Cryopreservation of Unfertilized Oocytes (Egg freezing):
Freezing of human oocytes is now possible. However, techniques to freeze and thaw oocytes still have room for improvement. Although, the survival rate of frozen-thawed oocytes is lower than that of frozen embryos, a handful of pregnancies have been reported after freezing and thawing mature oocytes. Several possible explanations have been offered for low survival rate of oocyte. It has been shown that the cytoskeleton of the oocyte is damaged by the Cryopreservation process, which could lead to significant changes in the organization and trafficking of molecules and organelles. Of greater concern is the possibility of aneuploidy caused by depolymerization of the spindle apparatus (genetic material, DNA) during cellular cooling. Despite the limitations, freezing of unfertilized oocytes would be extremely useful to some individuals. A young woman about to undergo radiation treatment or facing the loss of her ovaries could benefit greatly. Donor oocytes banks could be set up much in the same way as sperm banks are now to assist an ever-growing population of women requesting donor eggs.
Preimplantation Genetic Diagnosis and Screening
Preimplantation genetic diagnosis (PGD) and screening (PGS) can be used to test embryos for genetic disorders prior to their transfer to the uterus. PGD can help to the couples having serious inherited disorders to decrease the risk of having a child who is affected by the same problem. The disorders such as cystic fibrosis, sickle cell anemia, Down’s syndrome, Turner syndrome, Tay-Sachs, and other commonly occurring genetic disorders may be detected by PGD. Moreover, the sex of a preembryo can now reliably be determined by this technique. PGS tests for genetic errors or aneuploidies and ensures that the transferred embryos are genetically normal. The first step of PGD/PGS is the collection of informative genetic material from each embryo. For this, microscopic guided biopsy of embryo is done at the balstocyst (or day 5) stage. By using advanced techniques such as PCR, the genetic material is then analyzed for the presence of genetic disorders. A diagnosis is obtained within day or so of the test and only the unaffected embryos are replaced to the female’s uterus.

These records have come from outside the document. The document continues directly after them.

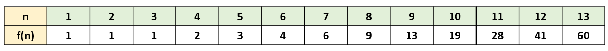 피보나치 비스무리한 수열은 f(n) = f(n-1) + f(n-3)인 수열이다. f(1) = f(2) = f(3) = 1이며 피보나치 비스무리한 수열을 나열하면 다음과 같다. 1, 1, 1, 2, 3, 4, 6, 9, 13, 19, ... 자연수 n을 입력받아 n번째 피보
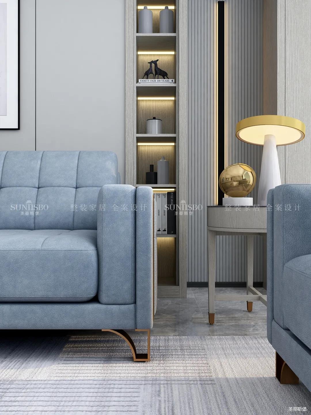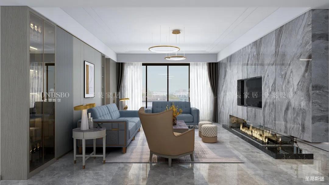 精細結構下沙發角幾的微金屬結構,干凈利落,彰顯質感。整面大理石背景墻將電視設計為壁龕結構,底部的裝飾壁爐讓家的溫馨感再度升級。
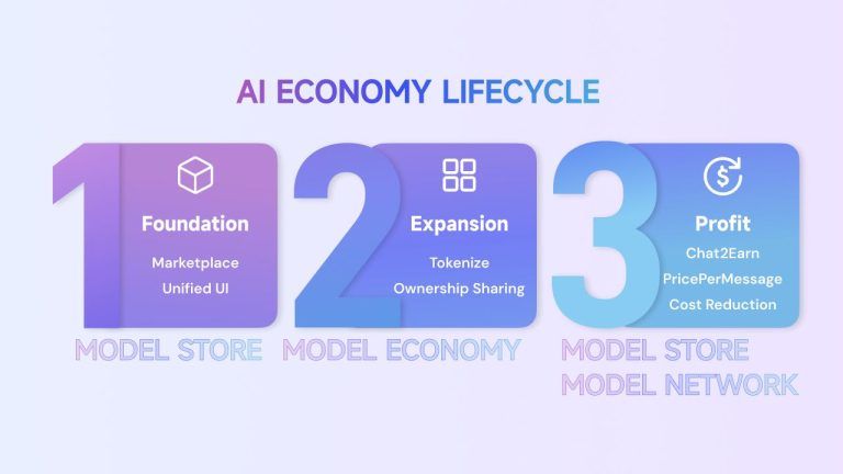 The Model Economy allows AI creators to tokenize their products, facilitating rapid fundraising and public investment to secure future development and build an engaged community. Users, on the other hand, can gain ownership rights and revenue share by owning underlying tokens.
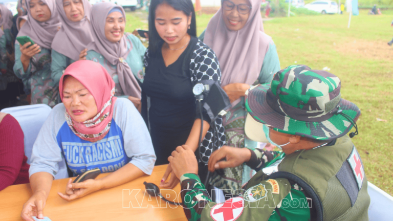 Personel TNI Kodim 0510/Tigaraksa melayani warga Desa Cileles saat pemeriksaan kesehatan gratis dalam program TMMD ke-123.
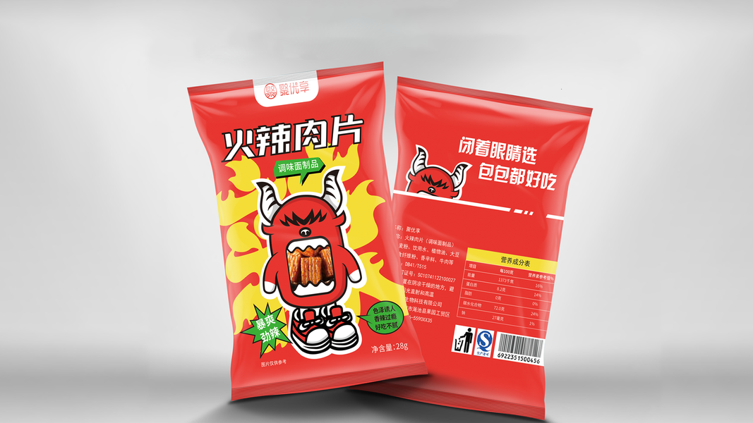 “火辣肉片”辣条产品的包装提案(袋装、桶装、盒装)
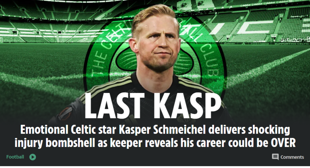 Sådan skriver det skotske medie Daily Record om det, Kasper Schmeichel har gennemgået i Celtic det seneste år efter den skade mod Portugal, der nu koster en operation og måske et karrierestop.
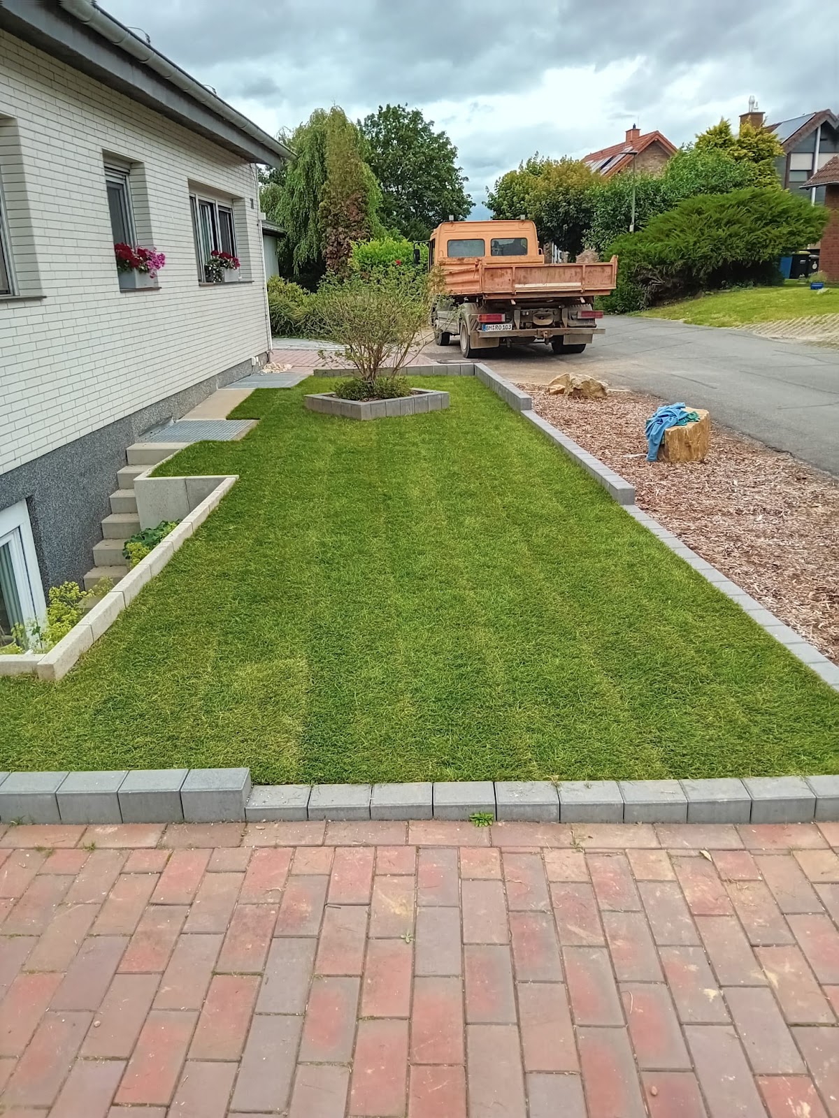 Sehr zufrieden mit der Arbeit! Die Männer wissen was sie tun, vom Rollrasen verlegen bis hin zum Pflastern von Beliebigen Flächen.
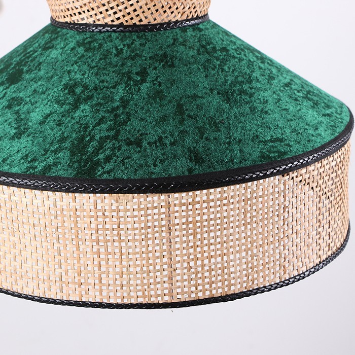 - İmalat Ürünümüz; doğal hazeran malzemeden ve pvc tabanlı ışık geçirgenliği olan kadife abajur kumaşından, statik boyalı tel üzerine el işçiliği ile üretilmiştir..

Surgical Recovery of Sperm by Testicular Sperm Aspiration, Testicular Sperm Extraction, Microsurgical Epididymal Sperm Aspiration and Percutaneous Epididymal Aspiration for ICSI
Surgical sperm recovery for ICSI is indicated for irreversible obstructive azoospermia, primary testicular failure, necrozoospermia, and some cases of ejaculatory failure. In men with sperm obstructions, sperm recovery is possible by Testicular Sperm Aspiration (TESA), Microsurgical Epididymal Sperm Aspiration (MESA) or Percutaneous Epididymal Aspiration (PESA). A 19 or 21 G butterfly needle attached with a 10 ml syringe is used to aspirate sperm from the testicle or epididymis. In non-obstructive azoospermia, Testicular Sperm Extraction (TESE; Testicular Biopsy) is usually necessary for sperm recovery. In testicular biopsy, about 5 mm tissue is dissected to facilitate sperm isolation. In men with no previous sperm-positive testicular histology, bilateral or multiple biopsies may be required. A Urologist, with the help of an embryologist, conducts these procedures in the operating room under local or general anesthesia. Recovered spermatozoa are processed and cultured in the embryology lab and may be used fresh or can be cryopreserved for future ICSI cycles.